Wednesday 29 October 2014

The Pop Group and Goodbye Leopold at Islington Assembly Hall - 26 October 2014

The Pop Group - pic Martyn Boston

I’m standing amongst a crowd of similarly mature and dark-clad individuals at Islington Assembly Hall. It takes a lot to get me into London on a Sunday night, but I wouldn’t have missed this for the world.

Starting proceedings, three extravagantly garbed women line up across the stage. They are sheathed in splendiferously vibrant and exquisite leotards, adorned with long tassels that hang from their arms. They look like three rare and exotic butterflies. Somewhere, David Attenborough stirs with excitement.

This is Goodbye Leopold. They sing majestically acapella, a plaintive chorus of interweaving harmonies. The room falls silent.

The sound swells. It is never entirely clear what they are singing about, and a quick bit of research afterwards reveals that the band have a penchant for singing backwards, which may explain it. Nevertheless, Goodbye Leopold lift us up to a higher frame of mind.

Tonight is a benefit for Campaign Against Arms Trade. A banner hangs across the stage, there are guest speakers and stalls in the lobby. It’s like the agit-prop days of the late Seventies.

I’m here to see The Pop Group, a band utterly unique in the annals of British music.

I’ve long been a devotee of frontman Mark Stewart, both in his solo career and his work with The Maffia, but this is the first time I have experienced him with the band with whom he first started out.

Mick Jagger swaggers, Michael Jackson used to moonwalk. Mark Stewart lumbers. A huge mountain of a man, he prowls around the stage continuously, a towel around his neck. He looks more like a bemused heavyweight boxer than a singer.

The Pop Group were/are the most uncompromising and didactic of bands that allied with the Hard Left. Their songs rail against injustice, greed and corporate evil, their concerts were rallies to the cause.

But above all, they were funky.

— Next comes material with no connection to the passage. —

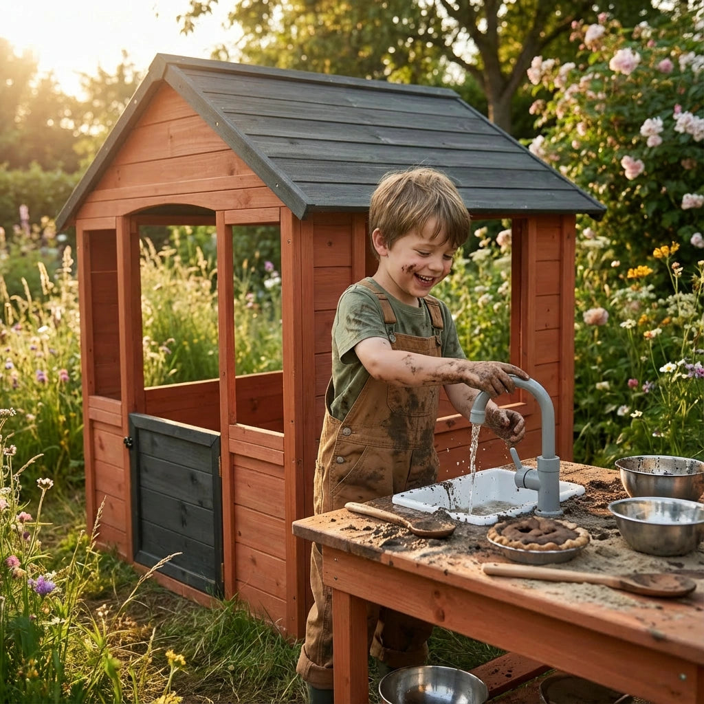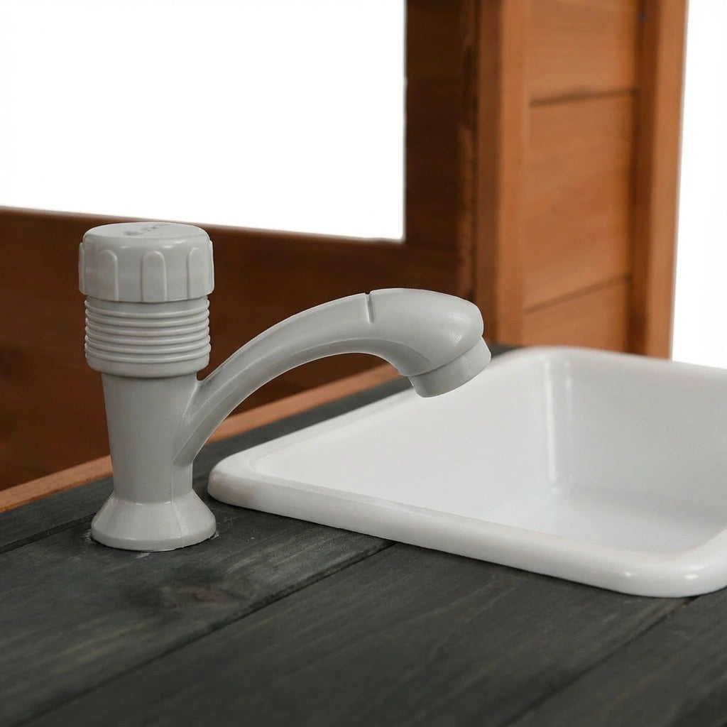 • Integrated Sink Station - Side-mounted sink with functional tap and basin for water play and pretend cooking

You got a hefty dose of politics, but you danced your ass off.

The band start with ‘We Are Time’, Stewart’s voice a wild electronic scream of rage and distortion. Around him, the rest of the band - Gareth Sager, Bruce Smith, Dan Catsis – lay down an irresistible rhythm that veers between funk, soul and dub.

The power that comes off the stage would light most of Islington. ‘Thief of Fire’ follows, another howl of pain and anger. The crowd are dancing so hard that you can feel the wooden floor heave beneath you like the deck of a ship.

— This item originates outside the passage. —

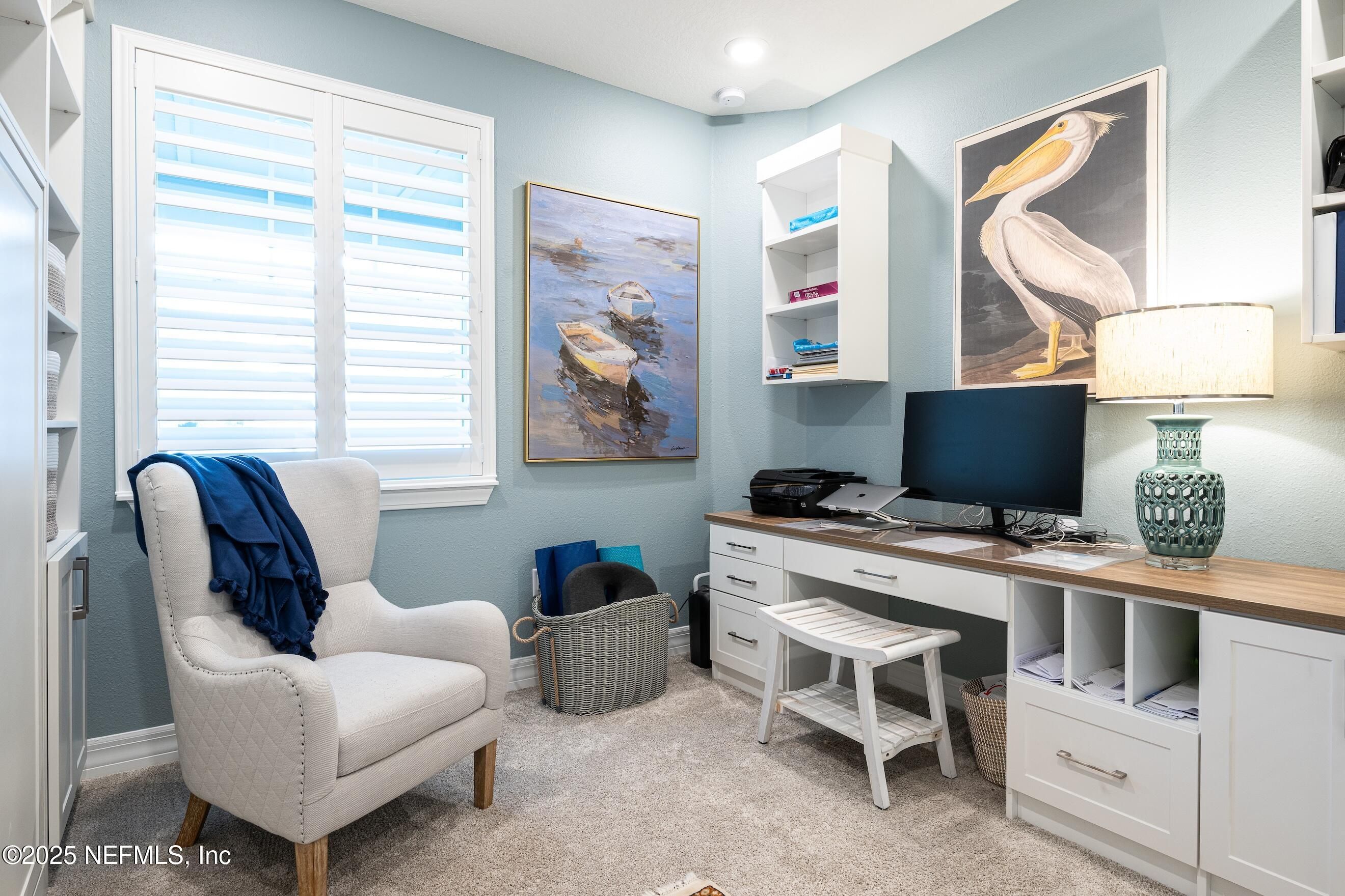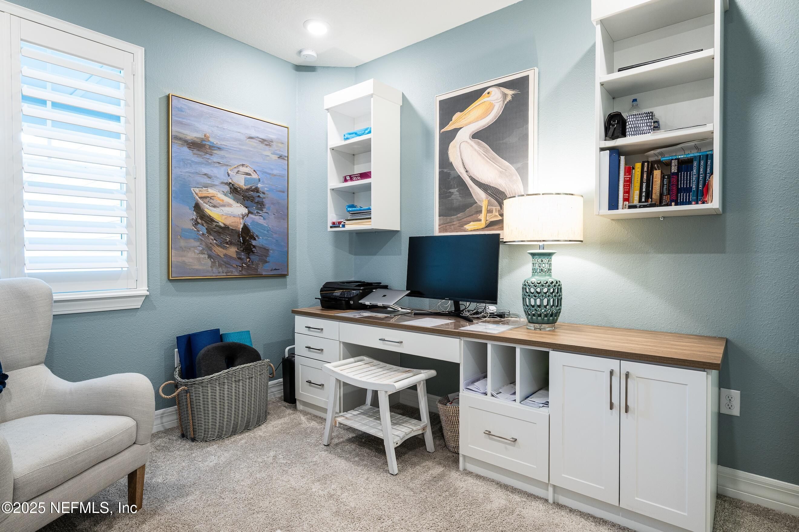 Elegant, designer home with premier custom features. Including: Built in custom hutch off kitchen, custom built in cabinetry & bookcase in Flex room, custom built-in Hide-A-Bed & desk & cabinetry in 2nd Bedroom, custom shelving in the walk-in closet in the primary bedroom closet and built in cabinets in laundry room. The home offers an extended, covered lanai with a tranqual view of the preserve. The HOA dues, for the Villa's , include lawn care and outside maintenance. This 55+ community offers a restaurant, club house, fitness room, pickleball courts, tennis courts, bocci ball courts, 2 swimming pools (one heated in the winter), large outdoor spa and numerous clubs and activities. The community is located near medical care facilities and shopping. It is only a 20 minute drive to the Ancient city of Saint Augustine.

The band are promoting a compilation album called ‘Cabinet of Curiosities’, a collection of rarities that are obscure even by the standards of this band. A track called ‘Genius or Lunatic’ is introduced with the statement that it was first performed at Westbury-on Trym Youth Club. I'll bet they never knew what hit them.

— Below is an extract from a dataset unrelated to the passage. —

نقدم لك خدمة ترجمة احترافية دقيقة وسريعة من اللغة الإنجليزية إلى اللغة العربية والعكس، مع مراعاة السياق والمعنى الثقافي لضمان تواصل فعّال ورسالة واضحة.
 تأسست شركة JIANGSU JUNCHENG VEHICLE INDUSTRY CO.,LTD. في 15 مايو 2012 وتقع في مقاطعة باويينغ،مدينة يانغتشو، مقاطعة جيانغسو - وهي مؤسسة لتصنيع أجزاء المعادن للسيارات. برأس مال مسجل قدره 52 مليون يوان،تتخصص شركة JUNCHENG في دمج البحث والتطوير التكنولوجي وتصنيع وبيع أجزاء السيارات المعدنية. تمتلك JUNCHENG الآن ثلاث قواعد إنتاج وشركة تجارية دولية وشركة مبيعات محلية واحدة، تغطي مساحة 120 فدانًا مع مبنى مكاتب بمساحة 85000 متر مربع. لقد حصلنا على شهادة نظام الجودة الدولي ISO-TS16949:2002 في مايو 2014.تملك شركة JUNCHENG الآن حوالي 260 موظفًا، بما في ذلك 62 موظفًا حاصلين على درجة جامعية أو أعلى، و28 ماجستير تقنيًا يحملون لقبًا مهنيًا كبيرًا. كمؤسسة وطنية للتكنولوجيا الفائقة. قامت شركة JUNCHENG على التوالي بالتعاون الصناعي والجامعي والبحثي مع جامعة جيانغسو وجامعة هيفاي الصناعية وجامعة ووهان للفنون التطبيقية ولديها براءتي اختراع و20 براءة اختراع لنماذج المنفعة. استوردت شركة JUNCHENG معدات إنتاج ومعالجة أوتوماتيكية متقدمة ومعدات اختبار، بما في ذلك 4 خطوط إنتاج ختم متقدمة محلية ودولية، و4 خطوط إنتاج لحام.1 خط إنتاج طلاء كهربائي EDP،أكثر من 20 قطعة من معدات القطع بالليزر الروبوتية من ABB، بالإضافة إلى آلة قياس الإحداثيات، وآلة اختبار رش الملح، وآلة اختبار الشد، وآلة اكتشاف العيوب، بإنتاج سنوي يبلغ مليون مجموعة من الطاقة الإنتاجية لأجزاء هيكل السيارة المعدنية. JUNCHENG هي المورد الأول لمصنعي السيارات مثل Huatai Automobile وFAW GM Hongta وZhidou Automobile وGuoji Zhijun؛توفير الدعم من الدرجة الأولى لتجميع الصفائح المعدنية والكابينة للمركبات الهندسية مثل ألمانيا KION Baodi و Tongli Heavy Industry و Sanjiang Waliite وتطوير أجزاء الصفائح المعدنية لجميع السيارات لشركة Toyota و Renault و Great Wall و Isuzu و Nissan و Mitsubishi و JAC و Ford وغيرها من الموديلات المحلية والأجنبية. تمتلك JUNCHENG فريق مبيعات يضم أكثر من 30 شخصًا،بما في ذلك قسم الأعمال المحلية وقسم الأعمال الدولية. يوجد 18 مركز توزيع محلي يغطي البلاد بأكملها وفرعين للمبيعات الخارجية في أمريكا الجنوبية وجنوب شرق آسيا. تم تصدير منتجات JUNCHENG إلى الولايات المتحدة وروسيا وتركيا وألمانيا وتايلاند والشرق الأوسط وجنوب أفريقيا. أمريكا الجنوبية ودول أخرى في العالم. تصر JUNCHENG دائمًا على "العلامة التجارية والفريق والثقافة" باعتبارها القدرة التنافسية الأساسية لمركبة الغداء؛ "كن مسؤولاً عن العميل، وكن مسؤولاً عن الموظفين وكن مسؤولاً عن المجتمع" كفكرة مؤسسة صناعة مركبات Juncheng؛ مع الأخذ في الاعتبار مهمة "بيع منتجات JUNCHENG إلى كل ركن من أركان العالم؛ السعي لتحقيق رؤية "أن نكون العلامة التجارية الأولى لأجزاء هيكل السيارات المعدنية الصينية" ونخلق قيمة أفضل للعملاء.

‘Amnesty Report III’ is a song based on an report of police brutality against Irish prisoners. The Pop Group were angry then and remain so now.

‘Where There’s a Will’ is probably the single best live moment that I’ve had at a gig this year. This music bypasses your brain and simply jerks your body about.

There’s a certain amusement to be had from a roomful of people chanting along to songs with titles like ‘She Is Beyond Good and Evil’ and ‘We Are All Prostitutes’. The Pop Group are a throwback from the days when music culture and politics were expressly linked. We sang the songs, we went on the marches, we supported the causes. Compare that to the wishy-washy stance of the majority of acts today.

Tonight is a thumping, pumping, propulsive triumph. Mark Stewart and co finish and stand exhausted. We cheer them to the echo.